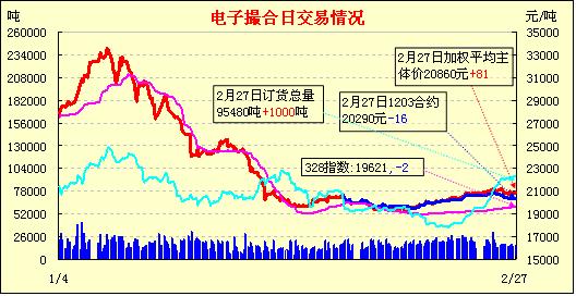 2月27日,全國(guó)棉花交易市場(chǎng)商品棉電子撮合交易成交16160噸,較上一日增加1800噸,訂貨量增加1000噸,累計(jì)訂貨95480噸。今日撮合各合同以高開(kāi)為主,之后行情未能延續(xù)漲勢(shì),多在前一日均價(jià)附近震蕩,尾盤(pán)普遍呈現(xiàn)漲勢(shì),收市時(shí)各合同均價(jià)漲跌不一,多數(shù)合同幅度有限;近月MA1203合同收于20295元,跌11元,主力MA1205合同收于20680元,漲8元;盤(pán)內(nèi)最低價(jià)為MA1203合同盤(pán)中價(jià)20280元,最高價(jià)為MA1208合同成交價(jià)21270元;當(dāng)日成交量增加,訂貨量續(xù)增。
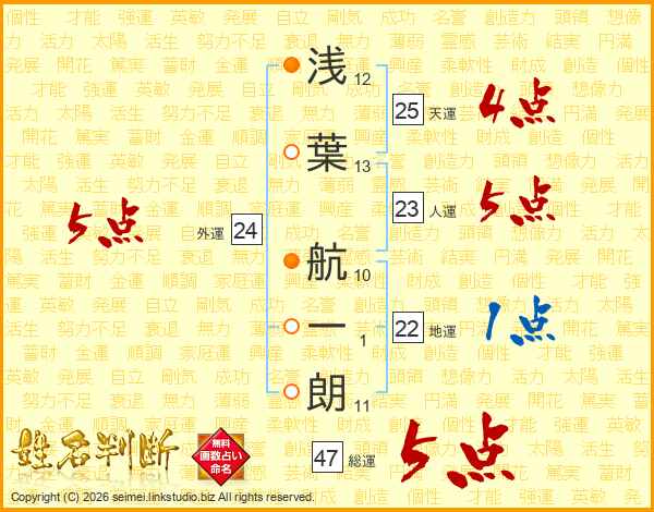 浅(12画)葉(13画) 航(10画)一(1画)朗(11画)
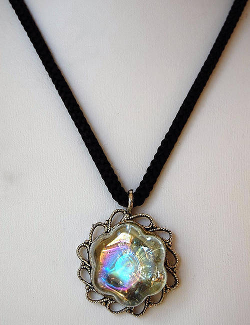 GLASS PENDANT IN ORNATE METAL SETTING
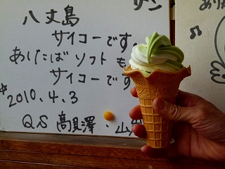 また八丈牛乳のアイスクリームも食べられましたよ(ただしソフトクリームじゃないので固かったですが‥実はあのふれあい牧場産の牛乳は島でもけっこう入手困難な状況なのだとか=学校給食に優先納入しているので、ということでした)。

========================================================================

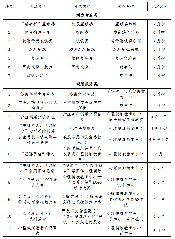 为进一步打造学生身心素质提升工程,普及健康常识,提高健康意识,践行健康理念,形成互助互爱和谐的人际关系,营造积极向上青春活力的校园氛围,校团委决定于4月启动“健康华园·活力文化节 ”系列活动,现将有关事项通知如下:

========================================================================

• _Task to carry out_: Please set down, exactly and with no pictures, the lines in the entries above starting at the one holding "GLASS PENDANT IN ORNATE METAL SETTING" and ending at the one holding "また八丈牛乳のアイスクリーム", ends included.

• _Your response_:
 GLASS PENDANT IN ORNATE METAL SETTING
 また八丈牛乳のアイスクリームも食べられましたよ(ただしソフトクリームじゃないので固かったですが‥実はあのふれあい牧場産の牛乳は島でもけっこう入手困難な状況なのだとか=学校給食に優先納入しているので、ということでした)。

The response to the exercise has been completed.